As such, geographical knowledge was bound to diffuse from the Iberian discoverers into the hands of Dutch, English and French pirates, and that it did. Already by the 1600s, these European powers outshone Portugal and Spain in economic and military development. Portugal eventually lost most of its discoveries in Asia and Oceania, and several African possessions, barely retaining Brazil against the Dutch; Spain would lose much of North America to England and France. By the 18th century, it were these new powers, and not the Iberians, that were discovering new places in Africa, Oceania and North America.

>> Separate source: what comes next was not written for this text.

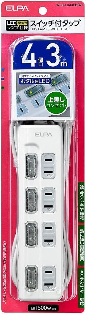 エルパ(ELPA) スイッチ付タップ コンセント 延長コード LED 上差し 4個口 3m WLS-LU43EB(W)

The Age of Discoveries illustrate how the typical development cycle of software works. It starts with open source investigations by dilettantes, enthusiasts and curious weird people. Then, a handful of entrepreneurs achieve a breakthrough that dramatically increases the profitability of the endeavor, leading to it becoming closed source. Finally, as the innovation diffuses through all the participants of the sector, there’s a switch back to open source, with a corresponding tapering of the activity’s profitability. In software and in mapmaking, priorities change once a valuable piece of information is discovered, and change again once the knowledge of it diffuses — sometimes violently, other times slowly — to other people.

Figure 3. Rough schematics on graph how technical know-how in general, and software in particular, tends to evolve — from open source, to closed, to open again. It starts as an open-source niche activity of enthusiasts and dilettantes, until a breakthrough leads it to a new realm of economic relevance. The pioneers then enjoy monopolistic profits in their discovery until the know-how diffuses to other players, leading to competition and commoditization of the know-how.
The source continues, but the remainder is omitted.